(EXTRACTED MATERIAL)
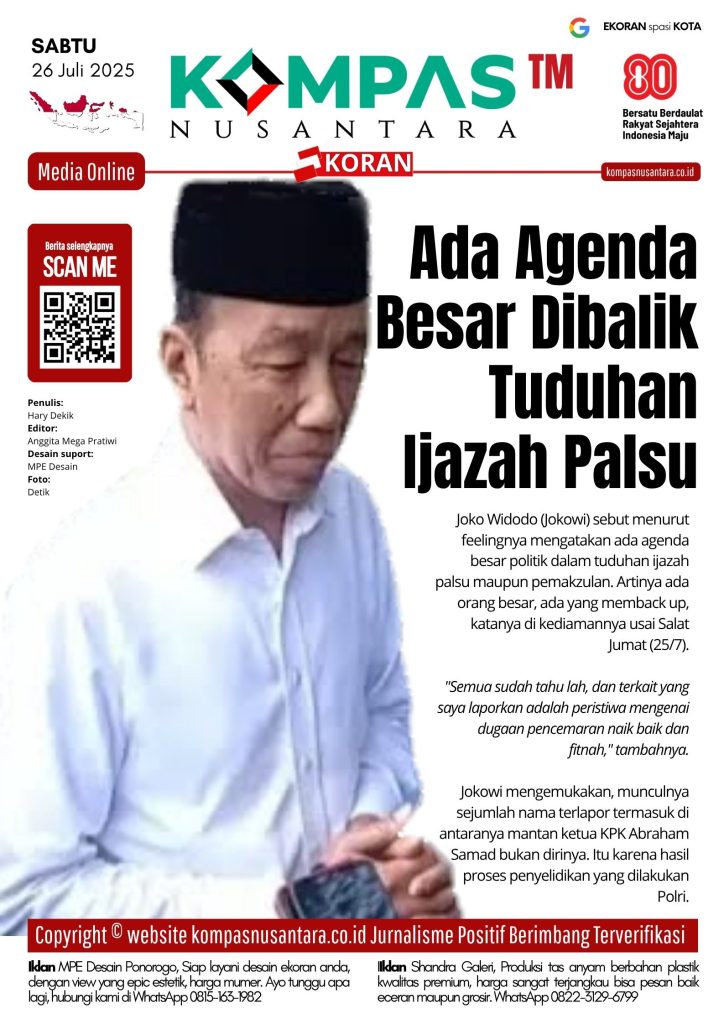 “Saya sudah sampaikan, feeling saya mengatakan ada agenda besar politik dalam tuduhan ijazah palsu maupun pemakzulan. Artinya ada orang besar, ada yang memback up,” kata Jokowi saat ditemui di kediamannya usai Salat Jumat (25/7/2025).
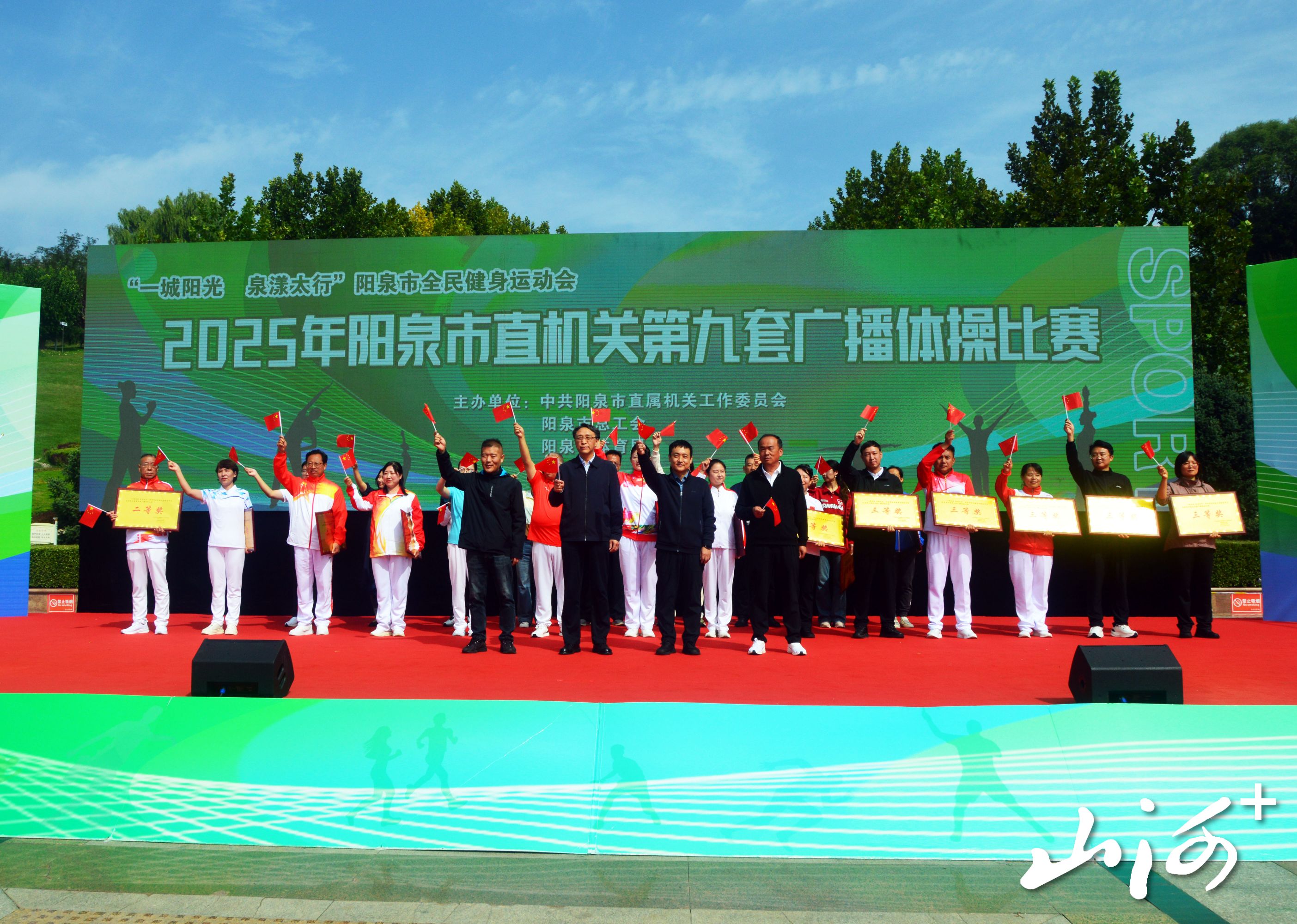 山西晚报·山河+讯 为庆祝中华人民共和国成立76周年,丰富职工业余文化生活,展示机关广大干部职工昂扬奋进的新时代风采,9月28日,由阳泉市直属机关工作委员会、阳泉市总工会、阳泉市体育局共同主办的“一城阳光 泉漾太行”阳泉市全民健身运动会市直机关第四届第九套广播体操比赛正式举行。
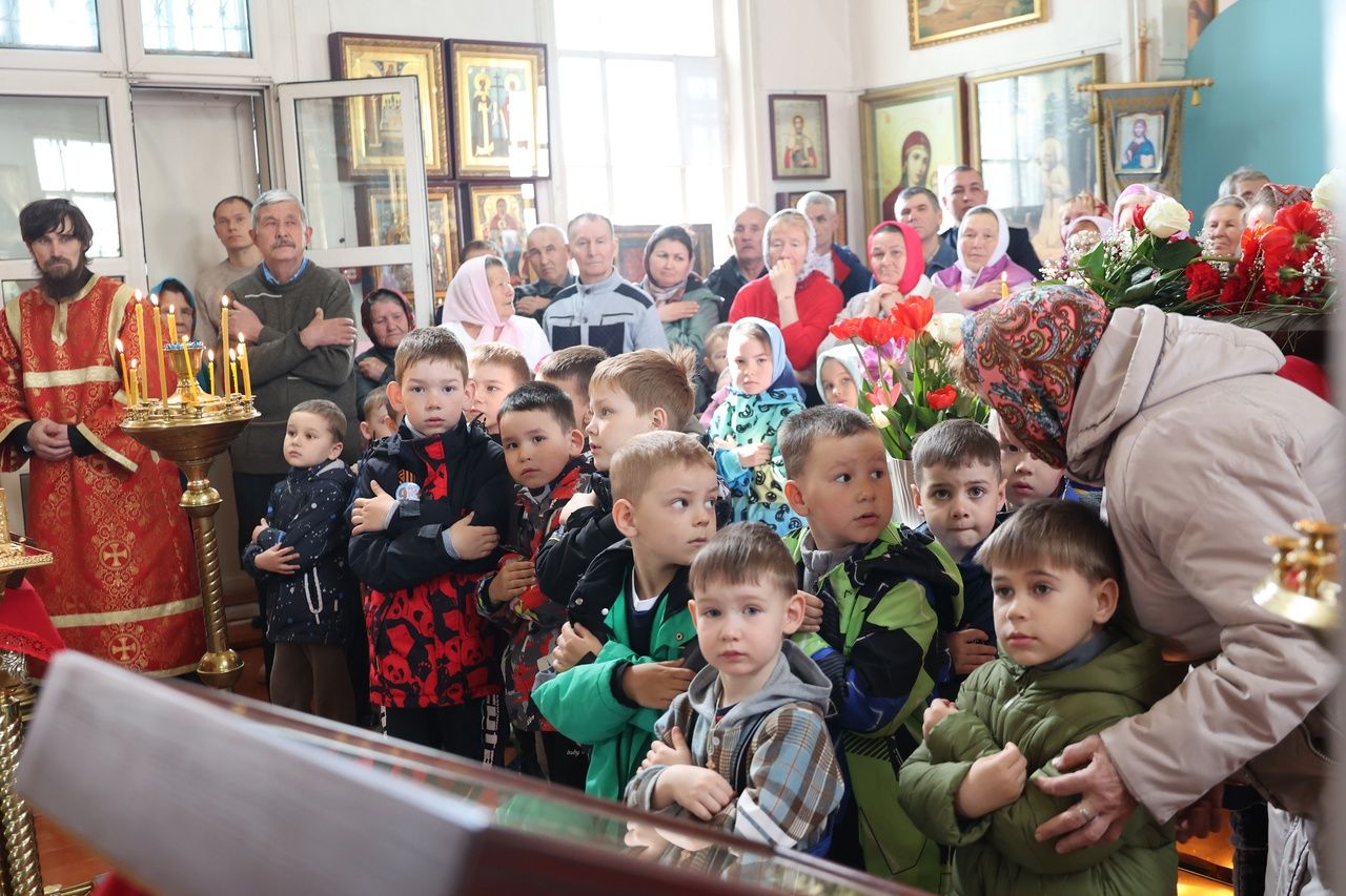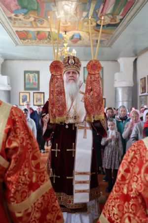 Также епископ Феофан напомнил о празднуемом на этой неделе святом великомученике и победоносце Георгии – именно в день его памяти 6 мая победном 1945 году праздновалась Пасха и завершилась Великая Отечественная война. Владыка выразил надежду, что по ходатайству Пречистой Божией Матери, по молитвам великомученика Георгия Победоносца и других святых, Господь сохранит Святую Русь, дарует духовное возрождение каждому человеку и остановит нечестивых людей, нападающих на нашу Родину.
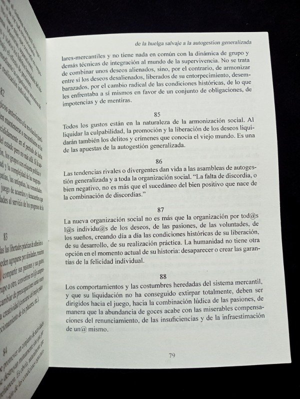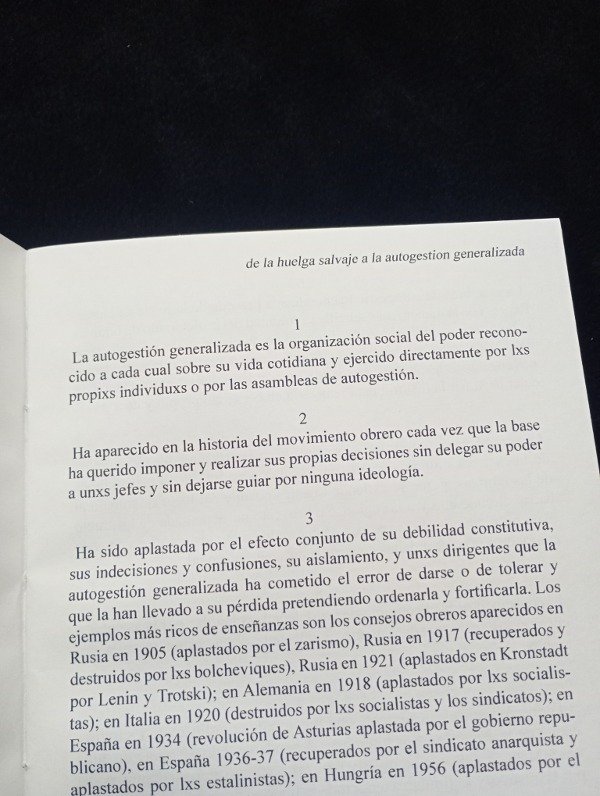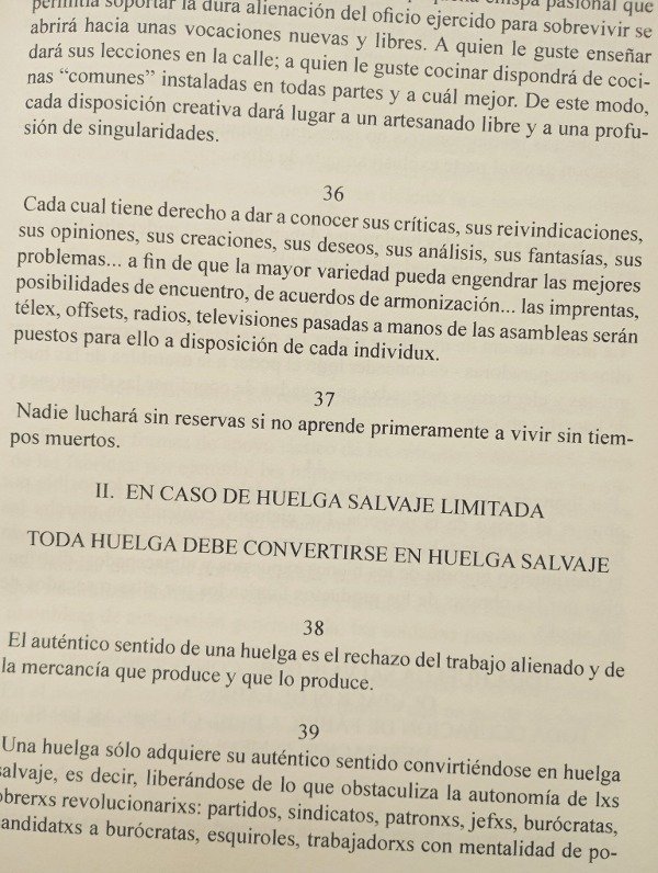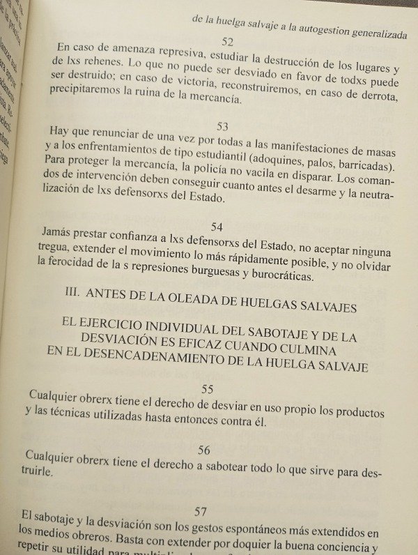 ➤ En De la huelga salvaje a la autogestion generalizada, Raoul Vaneighem nos imprime el espiritu de la Italia Autonomista de los 70´s donde se multiplicaban las acciones colectivas entorno a autorreducciones, huelgas, ocupaciones, protestas e intervenciones. Alli, estudiantes, trabajadorxs y vecinxs optaron por organizarse y actuar sin necesidad de dirigentes ni partidos ni un nombre único que les identifique.
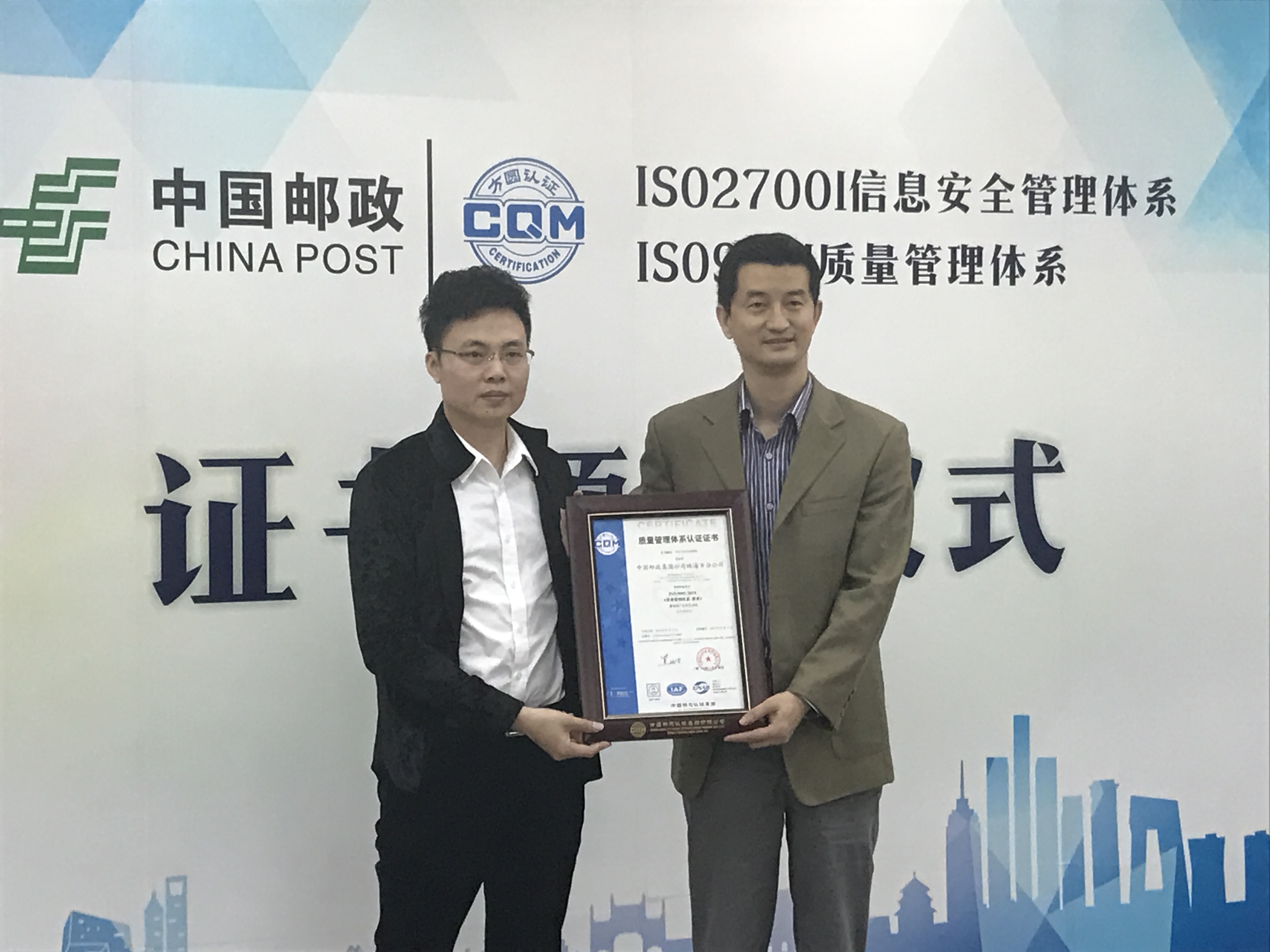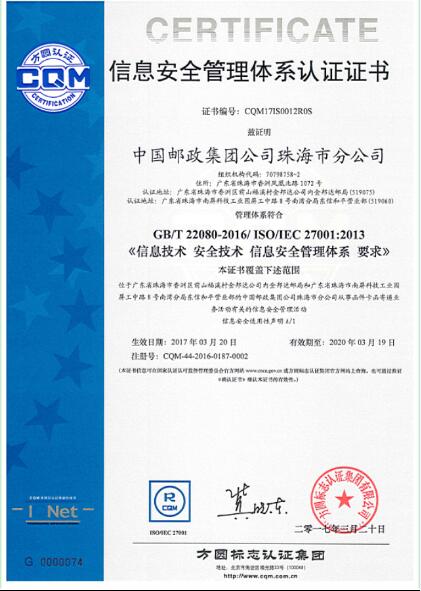 3月31日上午,中國郵政集團珠海市分公司認證證書頒發儀式隆重舉行。方圓廣東公司張耿彬副總經理帶領工作團隊出席儀式,為中國郵政集團珠海市分公司頒發了ISO27001信息安全管理體系認證證書及ISO9001質量管理體系認證證書。
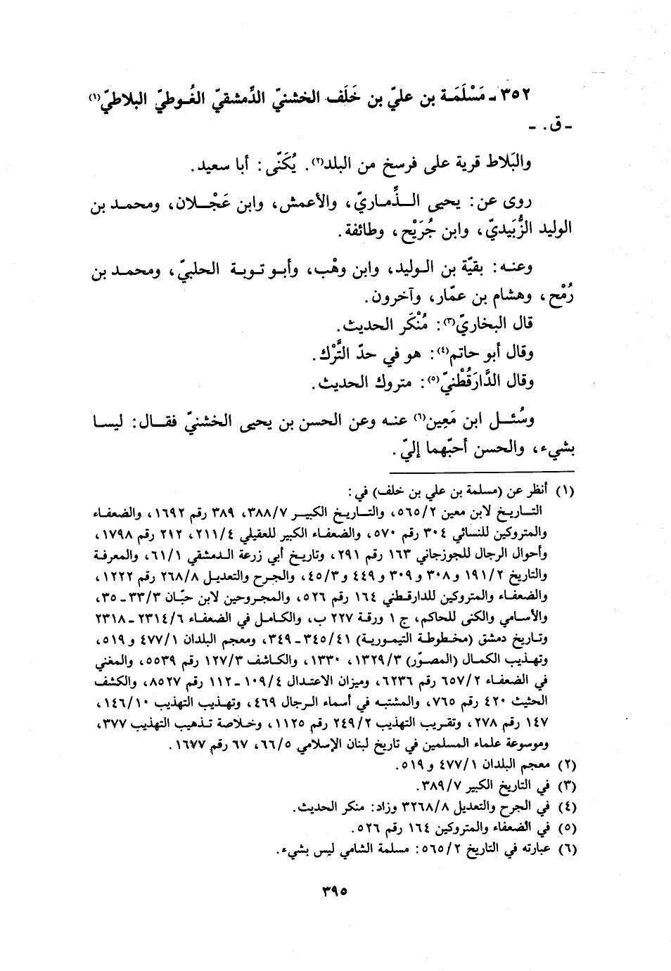 [6] عبارته في التاريخ 2/ 565: مسلمة الشامي ليس بشيء.
(End EXTRACTED MATERIAL)
§ **WHAT IS EXPECTED**
Repeat the material line for line. Pictures stay out of the copy.

§ **EXERCISE RESPONSE**
 “Saya sudah sampaikan, feeling saya mengatakan ada agenda besar politik dalam tuduhan ijazah palsu maupun pemakzulan. Artinya ada orang besar, ada yang memback up,” kata Jokowi saat ditemui di kediamannya usai Salat Jumat (25/7/2025).
 山西晚报·山河+讯 为庆祝中华人民共和国成立76周年,丰富职工业余文化生活,展示机关广大干部职工昂扬奋进的新时代风采,9月28日,由阳泉市直属机关工作委员会、阳泉市总工会、阳泉市体育局共同主办的“一城阳光 泉漾太行”阳泉市全民健身运动会市直机关第四届第九套广播体操比赛正式举行。
 Также епископ Феофан напомнил о празднуемом на этой неделе святом великомученике и победоносце Георгии – именно в день его памяти 6 мая победном 1945 году праздновалась Пасха и завершилась Великая Отечественная война. Владыка выразил надежду, что по ходатайству Пречистой Божией Матери, по молитвам великомученика Георгия Победоносца и других святых, Господь сохранит Святую Русь, дарует духовное возрождение каждому человеку и остановит нечестивых людей, нападающих на нашу Родину.
 ➤ En De la huelga salvaje a la autogestion generalizada, Raoul Vaneighem nos imprime el espiritu de la Italia Autonomista de los 70´s donde se multiplicaban las acciones colectivas entorno a autorreducciones, huelgas, ocupaciones, protestas e intervenciones. Alli, estudiantes, trabajadorxs y vecinxs optaron por organizarse y actuar sin necesidad de dirigentes ni partidos ni un nombre único que les identifique.
 3月31日上午,中國郵政集團珠海市分公司認證證書頒發儀式隆重舉行。方圓廣東公司張耿彬副總經理帶領工作團隊出席儀式,為中國郵政集團珠海市分公司頒發了ISO27001信息安全管理體系認證證書及ISO9001質量管理體系認證證書。
 [6] عبارته في التاريخ 2/ 565: مسلمة الشامي ليس بشيء.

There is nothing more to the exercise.